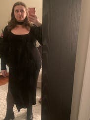 This dress was very warm and thick. Which was great because it was 10 degrees out when I wore it. But it did start to get hot when I started dancing. It’s flattering and shows shape without being super tight. I’m bigger in the hips and smaller in the bust. There was a little room up top but not so much it was baggy. Bustier ladies would have room. I managed to wear a bra without the straps showing but could be because of my smaller bust.
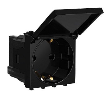 Розетка силовая с крышкой штекерная с заземлением со шторками серии Avanti, IP44, номинальное напряжение 250 В, номинальный ток 16 А, отверстия под кабель 3 мм, установочный размер 43х43 мм, цвет черный квадрат
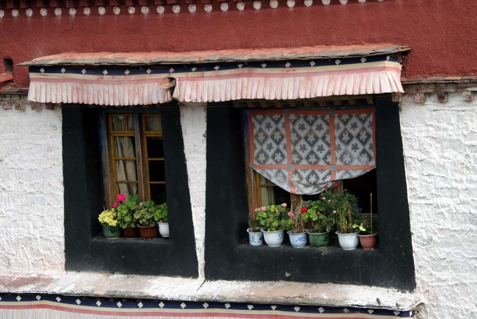大昭寺里僧舍的窗臺(tái)上擺滿了鮮花。
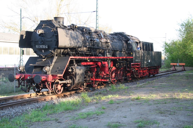 Nach erfolgreichem Abschluss des ersten Bauabschnitts steht die 50 3570-4 am Ende des neuen Gleisabschnittes.
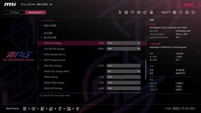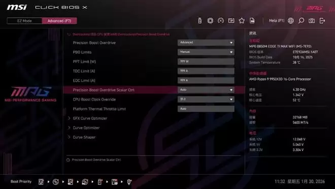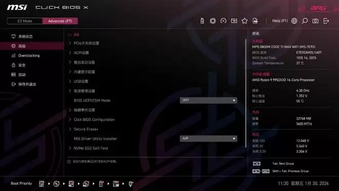 微星MPG B850M EDGE TI MAX WIFI刀锋 钛在性能方面与更高端的X870E主板相比,没有任何差距。比如搭配锐龙9 9950X3D时,单核性能比MEG X870E ACE MAX战神还高了0.3%,多核仅有0.5%的差距,基本上是测试误差,另外二者的BIOS界面与功能也基本相同。
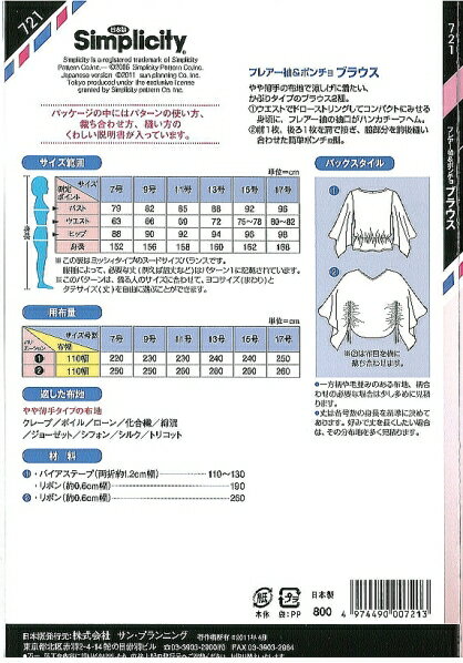 型紙 パターン フレアー袖&ポンチョブラウス No.721 シンプリシティ サンプランニング

**What the task requires:**
The lines wanted are those from the start of the material above through the line with "大昭寺里僧舍的窗臺(tái)上擺滿了鮮花。", both included; print them exactly and skip any picture.

**Answer area:**
 This dress was very warm and thick. Which was great because it was 10 degrees out when I wore it. But it did start to get hot when I started dancing. It’s flattering and shows shape without being super tight. I’m bigger in the hips and smaller in the bust. There was a little room up top but not so much it was baggy. Bustier ladies would have room. I managed to wear a bra without the straps showing but could be because of my smaller bust.
 Розетка силовая с крышкой штекерная с заземлением со шторками серии Avanti, IP44, номинальное напряжение 250 В, номинальный ток 16 А, отверстия под кабель 3 мм, установочный размер 43х43 мм, цвет черный квадрат
大昭寺里僧舍的窗臺(tái)上擺滿了鮮花。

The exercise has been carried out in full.